BALI, Indonesia – The Commander of U.S. Marine Corps Forces, Pacific, Lt. Gen. William Jurney, and Indonesian Marine Corps Commandant, Maj. Gen. Nur Alamsyah, will co-host the 9th Pacific Amphibious Leaders Symposium (PALS) in Bali, Indonesia, July 9-14. This is the first PALS to be co-hosted by the Indonesian Marine Corps, and is set to be one of the largest PALS since its inaugural gathering in 2015.
The symposium will bring together senior Marine Corps, naval infantry, and military leaders from across the Indo-Pacific, Central America, South America, and Europe. Delegations from 25 countries are anticipated to participate. Through in-person dialogue and interactions, PALS seeks to strengthen relationships and cooperation among amphibious leaders and forces to maintain a secure and stable Indo-Pacific region.
The theme of this year’s symposium is “Multilateral Amphibious Contributions to Maritime Security in the Indo-Pacific.” The event will consist of speeches, panel discussions, bi-lateral and tri-lateral engagements, and a capabilities demonstration. Throughout the event, participants will have the opportunity to share ideas, best practices, and recent experiences on areas of common interest. Topics include amphibious capabilities and interoperability, force modernization, and humanitarian assistance and disaster response.

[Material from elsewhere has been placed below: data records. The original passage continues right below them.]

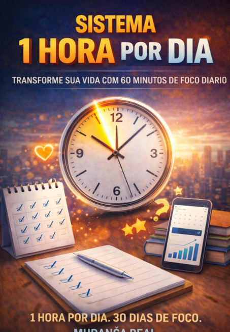 Sistema 1 Hora por Dia é um método simples e estratégico para transformar sua vida dedicando apenas 60 minutos diários ao que realmente importa.
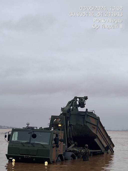 Em 04 de maio, o 5º BE Cmb Bld recebeu a missão de realizar o reconhecimento para lançamento de uma ponte de suporte logístico (Logistc Support Bridge – LSB) entre os municípios de Lajeado e Arroio do Meio. Foi neste momento que puderam perceber a verdadeira dimensão da crise no estado. “Bairros inteiros haviam desaparecido e um profundo sentimento de comoção tomava conta de todos e a sensação de incerteza do que ainda viria aumentava. Entretanto, estávamos confiantes de que tínhamos muito a contribuir nesse triste capítulo da história do Brasil e do Rio Grande do Sul, fruto das capacidades que tínhamos, da motivação e adestramento da tropa, além da disponibilidade de nossos meios”, relatou o Comandante do 5º BE Cmb Bld, Tenente-Coronel Diego da Silva Agostini.
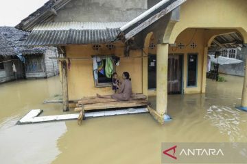 Warga berada di depan rumahnya yang terendam banjir di Desa Idaman, Pandeglang, Banten, Kamis (5/12/2024). Sebanyak 430 rumah yang berada di empat kampung di Desa Idaman tersebut terisolir akibat banjir dari luapan sungai Cilemer setinggi 1-2,5 meter sejak Senin (2/12) dan warga memilih tetap bertahan di rumahnya masing-masing. ANTARA FOTO/Muhammad Bagus Khoirunas/aww.
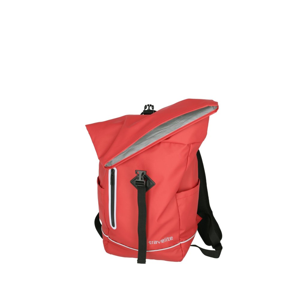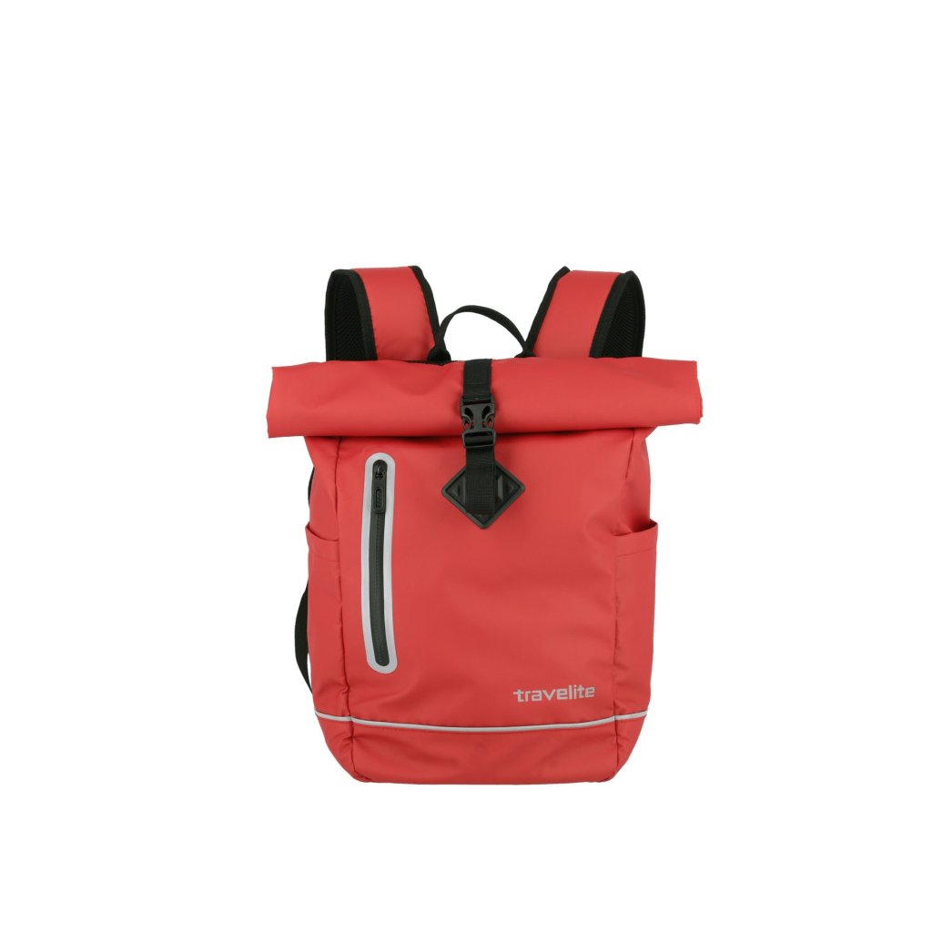 Obľúbený batoh Travelite Basics Roll-up Plane je ako stvorený na cesty do školy, práce, mesta i na výlety na bicykli, skútri či príležitostnú turistiku. Priestranná komora sa flexibilne prispôsobí vašim potrebám, pojme dokumenty, knihy a zložky formátu A4, vo voľnom čase potom športové veci na tréning či kurz. Vydať sa s ním môžete aj na prechádzku po okolí, a to pokojne aj v daždi. O bezpečie vašich vecí sa totiž postará ľahký, pevný a nepremokavý Tarpaulin, na ktorý je spoločne s rolovacím zatváraním aj nepekné počasie krátke. Na ceste budete navyše vždy dobre vidieť vďaka reflexným prvkom, pohodlné nosenie zaistí nastaviteľné a polstrované ramenné popruhy a priedušný chrbtový panel.

“PALS provides an invaluable forum to meet face-to-face with fellow leaders to share lessons learned and new ideas,” said Lt. Gen. Jurney. “It’s also an incredible opportunity to learn and benefit from colleagues with deep knowledge and diverse experiences, leading to improved capabilities, integration, and readiness.”
PALS is the premier annual gathering of regional amphibious forces. Established in 2015 by MARFORPAC, PALS brings together a growing list of like-minded Allies and partners committed to ensuring peace and prosperity in the region. Each delegation has a vested interest in the security and stability of the Indo-Pacific. Many delegations have populations affected by natural disasters like typhoons, tsunamis, earthquakes and volcanic eruptions due to their proximity to the “Ring of Fire” and the Indian or Pacific Ocean.
“The work we do at PALS contributes to regional peace and security, and will save lives during a crisis,” said Jurney. “We gather at PALS because we know that, working together, we can improve our response capabilities, increase our integration, and bolster our cooperation in this vibrant region.”
PALS 23 demonstrates the U.S.’ commitment to our regional allies and partners, and builds on the successes of previous iterations. Historically, MARFORPAC has hosted the event, but in recent years, co-hosts such as the Republic of Korea Marine Corps, the Japan Ground Self Defense Force, and now the Indonesian Marine Corps have assumed leadership roles.